Here's a list of the Top 7 houseguests, er, house-pests in Southern Utah:

  1. Cockroaches -- The roaches we have here are most closely related to the common Arizona cockroach. They are not particularly big, but are hearty, fast and die hard. They love your kitchen, basement and bathroom.
  2. Rodents -- Mice or rats are not as common here as the heat tends to cull the population, but make no mistake, they are here. They will chew through wires, walls and baseboards. And they carry diseases. They love your storage rooms and pantries.
  3. Lizards -- Most people feel they're innocuous and even helpful as they eat bugs.

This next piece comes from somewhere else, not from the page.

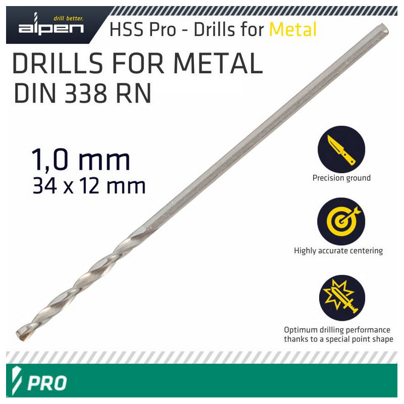 Alpen Pro HSS 1mm Drill Din 338 Rn 135 Split Point Plastic Wallet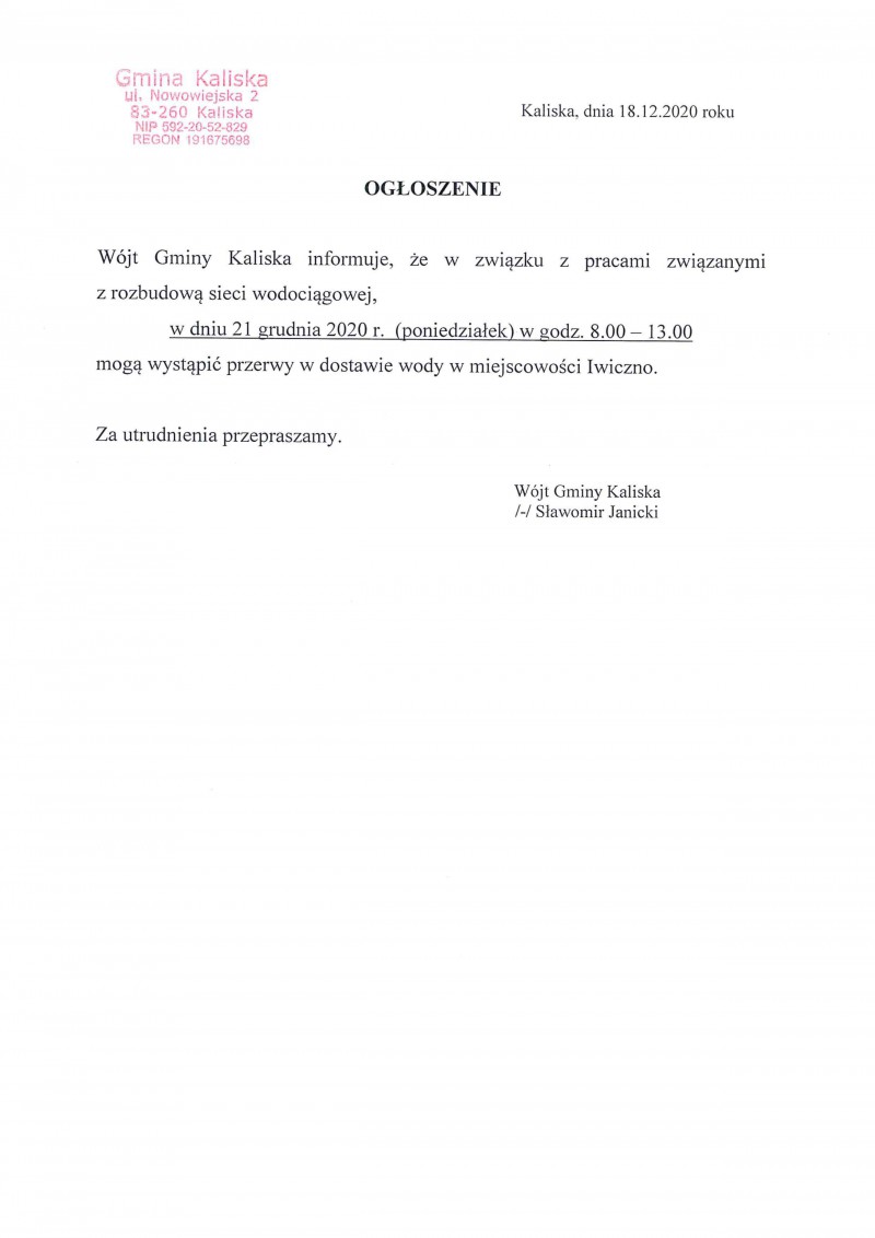 Informacja o przerwie w dostawie wody w miejscowości Iwiczno

Others call them "reptile rats." Either way, they sleep all winter and emerge everywhere when it warms up. They love your yards and rock art.
  4. Scorpions -- According to Utah State's wildlife website, "There are several scorpion species that live within the state of Utah, specifically the Arizona Bark Scorpion, Giant Desert Hairy Scorpion, Black Hairy Scorpion, and Northern Scorpion. USU adds "Some scorpions are more venomous than others, but all are more afraid of you than you should be of them." They can be painful, but rarely deadly. They love your desert foliage.
  5. Black widow spiders (Lactrodectus hesperus) are the most dangerous spiders to humans in Utah. Bites may be fatal to young children or older adults. Fortunately, widow spiders are fairly sedentary and spend majority of the time in their webs. They love dark and cool places like crawl spaces and basements.
  6. Ants -- The biting "fire ants" are rare in Utah, but we have plenty of other ant types. The most common in So. Utah is the Carpenter Ant. While their bites are harmless, they do carry diseases and infest food supplies. They love kitchens and "crumby" TV rooms.
  7. Wasps/hornets -- They work in colonies (social insects), they'll build a hive and fight you if you try to destroy it. Their stings are painful, but only dangerous when allergic. They like your porches, eaves and corners of your houses.

There are more, but these are the most prevalent.

So when your college kids comes to visit, tell them you already have houseguests.

Multiple websites recommend calling a professional exterminator if you have a problem with any of these "houseguests."